Written by Jerry Ratzlaff on . Posted in Plane Geometry

  • hexagon 2hexagon All edges are the same length.
  • Interior angles are 120°.
  • Exterior angles are 60°.
  • 9 diagonals
  • 6 edges
  • 6 vertexs

Area of a Hexagon formula

\(\large{ A =   \frac {3\; \sqrt {3} } {2}\; a^2 }\)

\(\large{ A= 6 \;\left( \frac {1}{2} \;a\;h\; \right) }\)

\(\large{ A = \frac { a^2\; N }   { 4\; \tan\; \left( \frac {180°} {N} \right) } }\)

\(\large{ A = \frac { Ac^2 \;N\; \sin \;\left( \frac {360°} {N} \right) }   {2}   }\)

\(\large{ A = Ai^2 \;N\; \tan \;\left( \frac {180°} {N} \right)   }\)

Where:

\(\large{ A }\) = area

\(\large{ a }\) = edge

\(\large{ h }\) = height

\(\large{ Ac }\) = apothem circumcircle (outside radius)

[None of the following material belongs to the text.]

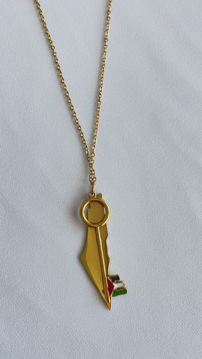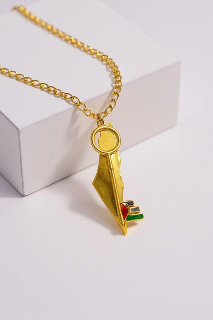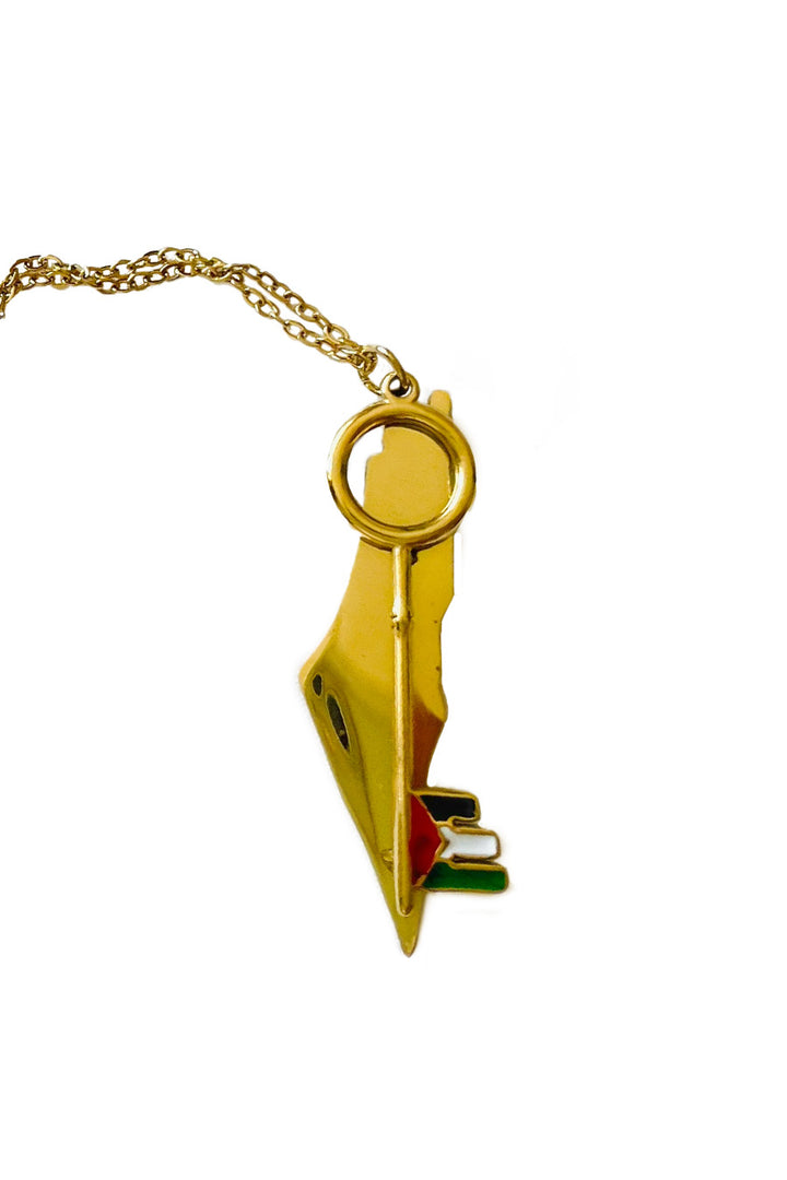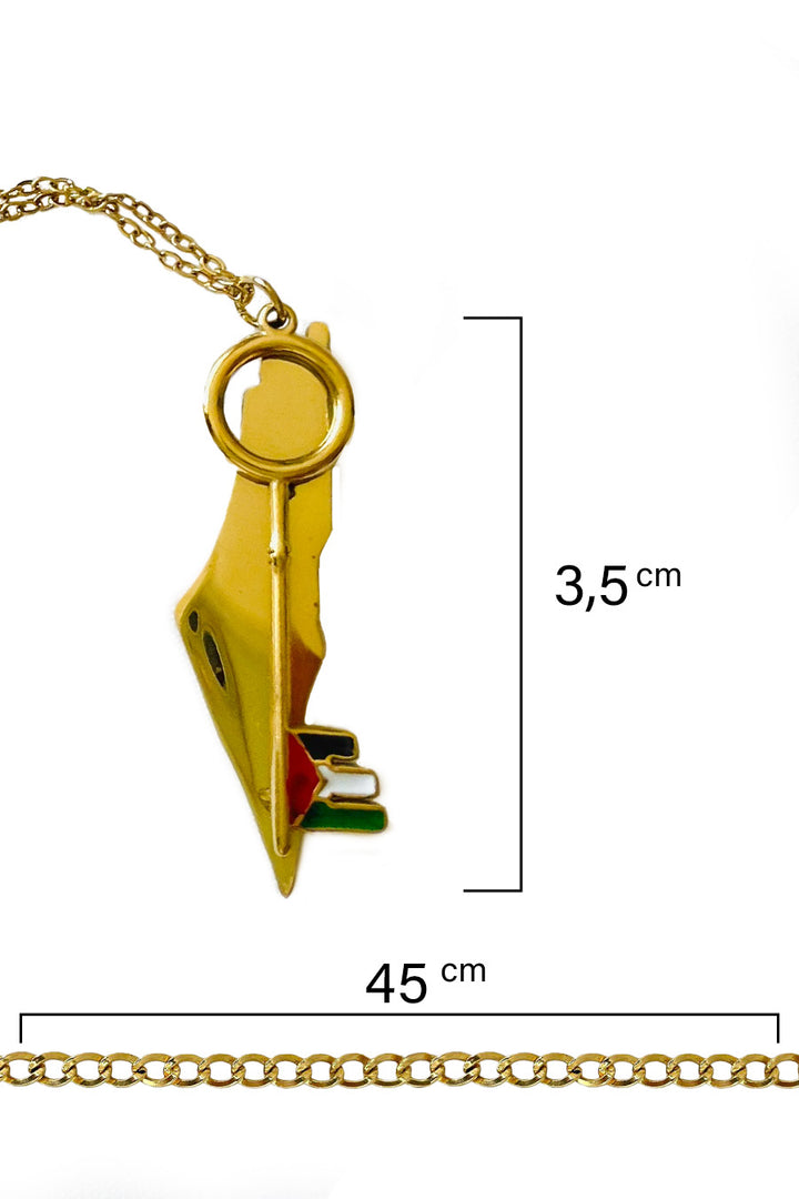 Palestine Map With Key Stainless Steel Plated Chain Unisex Necklace 44 Cm J300016

\(\large{ Ai }\) = apothem incircle (inside radius)

\(\large{ N }\) = number of edges

\(\large{ \sin }\) = sine

\(\large{ \tan }\) = tangent

Edge of a Hexagon formula

\(\large{ a = \frac { p }   {6}   }\)

\(\large{ a = 3^{1/4}\; \sqrt { 2\; \frac {A}{9} }  }\)

Where:

\(\large{ a }\) = edge

\(\large{ p }\) = perimeter

\(\large{ A }\) = area

Perimeter of a Hexagon formula

\(\large{ p= 6\;a }\)

Where:

\(\large{ p }\) = perimeter

\(\large{ a }\) = edge